В семье ему, кажется, не поверили, не такая уж и старая была его жена, но проверять не стали. Зачем? Она была одинокой, общественной. Родственников: отца и братьев в семье не имела. Так что всем было плевать. Но новую самку ему даже не пообещали. Даже такую же старую. Мол: сам, дурак, угробил, сам и ищи себе новую. И Шалва Семёнович не обиделся, думал, что найдёт обязательно.

В общем, вопрос с брачным обещанием решился сам собой, но вот мысль о том, что ему лучше остаться здесь, в Москве, его уже не покидала. Он мучительно искал способ остаться в этом огромном и шумном городе, остаться на роли слуги, и даже не в роли умного и перспективного секретаря, а в роли достойного члена семьи. Уважаемого члена семьи.

Шалва икал способ. Он искал способ и поначалу не находил. Ему нужен был случай, шанс, чтобы отличиться, чтобы показать себя. Даже не шанс, а намёк на шанс. Тень шанса. И тогда уж он его не упустит, он заявит о себе. Молодой член семьи мечтал о самой малой возможности. И искал её неусыпно.

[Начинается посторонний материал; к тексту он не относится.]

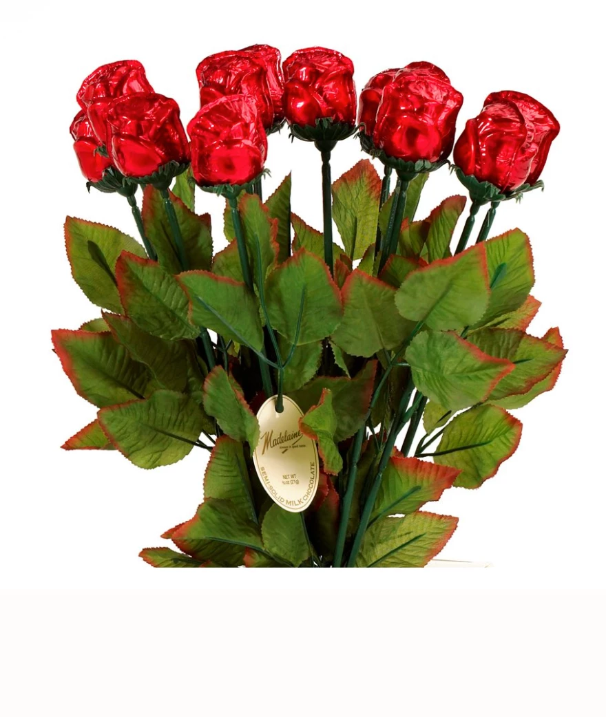 Semi-solid 19″ premium milk chocolate rose wrapped in shaded red Italian foil, nestled in a graceful long stem with silk leaves.

И кто ищет – тот всегда найдёт: такой случай ему представился.

Это был случай с убийством глупого Пильтуса. Именно глупого, кто ж ещё мог дать себя убить какой-то человеческой самке, которая совокупляется с любым, кто ей заплатит. Его смерть была убога и не почётна. Он умер не в бою от рук воина, пусть даже и человеческого, а от рук продажной самки, которую привёл для ритуала. О, провидение, как ты бываешь саркастично, этот дурень привёл жертву на ритуал, а жертва его прикончила! Ну, разве это не смешно?

Смеяться, правда, он не умел, как и все его сородичи, но сипло шипеть горлом и покашливать, выражая своё умственное превосходство над каким-то дурнем, типа Пильтуса, он себе бы позволил.

Да, уж: если бы это не была смерть собрата и члена семьи Шалва Семёнович смеялся бы над этим дураком.

А теперь семья должна была совершить ритуал возмездия. И Первожрецом ритуала был выбран Толмачёв Владимир Николаевич. Опытный и старый боец. Из Когорты Лучших.

После этого ритуала карьера Владимира Николаевича и в семье и молодом Советском государстве резко пошла бы в гору. Да, пошла-бы, пошла.

Не допусти Толмачёв двух больших ошибок. Роковых для себя ошибок.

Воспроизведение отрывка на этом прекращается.